Example PySpark Log Analysis
Here’s a breakdown of an example PySpark log entry:
INFO DAGScheduler: Got job 0 (show at ExampleApp.py:25) with 1 output partitions
- INFO: Log level.
- DAGScheduler: Component generating the log.
- Got job 0 (show at ExampleApp.py:25): Job ID and action.
- with 1 output partitions: Number of output partitions for the job.
By understanding these log entries, you can monitor the execution of your PySpark jobs, identify performance bottlenecks, and debug errors efficiently.
let’s delve deeper into the key components and execution process of a PySpark job, explaining each step with a real-life example and corresponding log entries.

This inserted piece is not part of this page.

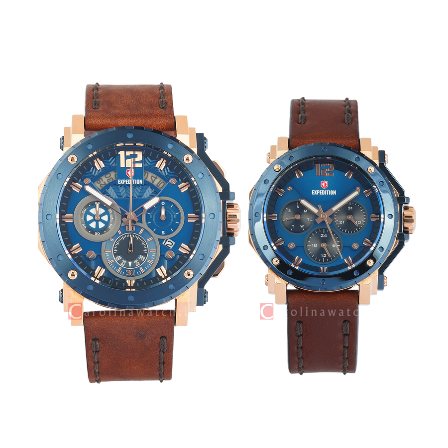 Jam Tangan Couple S Expedition E 6402 MCLURBU/BFLURBU Blue Dial Brown Leather Strap
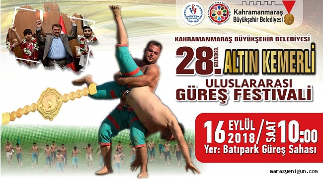 Kahramanmaraş Büyükşehir Belediyesi tarafından bu yıl 28.’si düzenlenecek olan Geleneksel Altın Kemerli Uluslararası Güreş Festivali 16 Eylül 2018 günü saat 10.00 da Batıpark Güreş Sahasında yapılacağını hatırlatan Başkan Erkoç: “Atasporumuz güreşin gelecek kuşaklara aktarılması için geleneksel olarak sürdürdüğümüz Altın Kemerli Uluslararası Güreş Festivalimize tüm halkımızı bekliyoruz. Büyükşehir Belediyesi olarak sporun gelişmesi ve şehrimizdeki lisanslı sporcu sayımızın artması için çalışmalarımıza aralıksız devam ediyoruz. Bu gayretlerimizin meyvelerini de almaya başladık. Güreşçilerimiz Dünya genelinde yapılan müsabakalarda Ayyıldızlı Albayrağımızı dalgalandırarak gurur kaynağımız olmaktalar. “Güneyin Kırkpınarı” olarak adlandırılan Kahramanmaraş’ımızda güreş sporunun daha geniş kitlelere ulaşması için hizmetlerimize devam edeceğiz. Tüm güreşsever halkımızı çeşitli ülkelerden gelecek ve uluslararası boyutta olan güreşlerimize bekliyoruz” dedi.Kahramanmaraş Büyükşehir Belediyesi tarafından Minikler ve Büyükler olmak üzere iki kategoride gerçekleşecek olan Uluslararası Güreş Festivaline miniklerde 14 sıklette büyüklerde ise 8 sıklet olmak üzere toplamda 22 sıklette kıran kırana bir mücadele yaşanacak.Atasporumuz güreşin gelecek kuşaklara aktarılması adına spora ve sporcuya önem veren Kahramanmaraş Büyükşehir Belediyesi tarafından düzenlenecek güreş festivaline Türkiye’nin çeşitli illerinden gelecek güreşçilerin haricinde Rusya, İran, Dağıstan, Azerbaycan, Çeçenistan, Gürcistan ve Bulgaristan olmak üzere toplamda 8 ülke katılacak.

Real-Life Example: Word Count Application
We’ll use a word count application as our example. This application reads a text file, counts the occurrences of each word, and outputs the result.

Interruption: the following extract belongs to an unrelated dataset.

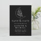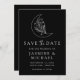 Elegant Botanical Moon and Stars Black and White Save The Date

from pyspark import SparkConf, SparkContext
from pyspark.sql import SparkSession
# Initialize SparkConf and SparkContext
conf = SparkConf().setAppName("Word Count").setMaster("local[*]")
sc = SparkContext(conf=conf)
# Create SparkSession
spark = SparkSession(sc)
# Read text file into RDD
text_file = sc.textFile("path/to/textfile.txt")
# Split lines into words, map each word to a (word, 1) pair, and reduce by key to count occurrences
words = text_file.flatMap(lambda line: line.split(" "))
word_pairs = words.map(lambda word: (word, 1))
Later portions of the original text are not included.